Is the business model scalable?
How big is the market?
Is there significant room to grow, backed by a bold, believable vision?
Is the price fair for what this could become?
That’s the lens. If a company clears those five filters, I dig in.
The Formula (v1)
Instinct, intuition, and conviction are useful, but I don’t rely on them alone. It is absolutely necessary to take a look at the bigger picture.
Every company I seriously consider goes through the same lens: a 7-part scoring system I’ve built and refined over time to reflect what actually matters to me as an investor.
With the help of AI, each category gets a score out of 10, and I apply a weighted average based on how much I believe it drives long-term returns. Here’s how the formula breaks down:
1. Product & Vision – 33.3%
This is the foundation of my framework. I don’t care how strong the numbers are if the product isn’t exceptional.
Current Products – Is the product genuinely good? Are users choosing it because it’s better, not just louder or cheaper? Have they built something sticky, delightful, or dominant today?
Future Products (and Market Fit) – How well is this company positioned to evolve or expand its product — or benefit as the market evolves around it? Even if the product stays the same, will it become more valuable over time as the space grows?
For example, Unity has a solid platform today. But if AR takes off, its same product becomes exponentially more important, not because it changes, but because the market around it does.
This category captures both how strong the product is today and how well it’s positioned for the future. I’m investing in what a company is now, and what it’s set up to become.

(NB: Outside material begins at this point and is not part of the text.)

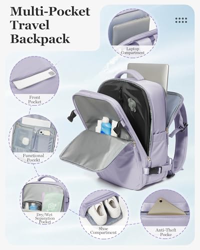• Breathable & Comfortable: The backpack for travel is made of durable, water-resistant and anti-scratch material, which can provide protection on drizzle days. The luggage backpack is constructed to be most comfortable over hours of carrying, with multi-panel ventilated padding and adjustable and breathable straps which relieve the stress of the weight on your shoulders. Equipped with an adjustable chest strap, provides a better wearing experience.

2. Valuation & Upside Potential – 20%
This isn’t just about being “cheap.” It’s about whether the company’s valuation makes sense relative to its long-term potential and whether there’s real upside left.
Market Cap Upside (0–10) – Can this company 10x over time? I assign a score based on how much room there is for long-term expansion in both market cap and impact (a score of 7 implies room for 7x growth).
Profitability Track:
EV/EBITDA – The most respected valuation multiple for profitable companies.
PEG Ratio – Tells me if I’m paying fairly factoring in future growth.
Growth Track:
Forward EV/Revenue – For unprofitable or reinvestment-heavy companies, this is the go-to valuation metric.
EV/Revenue Growth Ratio – My PEG equivalent for earlier-stage names. It tells me how efficiently the company is growing relative to its valuation.
I’m flexible on valuation if the upside is massive but I won’t ignore price entirely.
A company might be great, but if it’s already priced like it’s perfect, I’ll pass.
3. Market & Financials – 20%
A great product still needs a big enough playing field, and the financials need to show that the business can scale within it.
Current & Future TAM – How big is the market today, and how much bigger could it get? I care about companies positioned in expanding ecosystems, not just saturated ones.
Timing – Are we early or late? Timing can be the difference between riding a wave and missing it entirely.
Revenue Growth – How quickly is the company growing?
Free Cash Flow, Gross Margin, and Operating Margin – I’m not obsessed with profitability early on, but I want to see a clear path to financial strength. These metrics help me gauge operational leverage and business model quality.
I don’t need perfect numbers but I need signals that the company is building something durable, scalable, and economically sound.
4. Risk & Execution – 10%
Vision is easy. Execution is what actually builds value, and risk is what kills it.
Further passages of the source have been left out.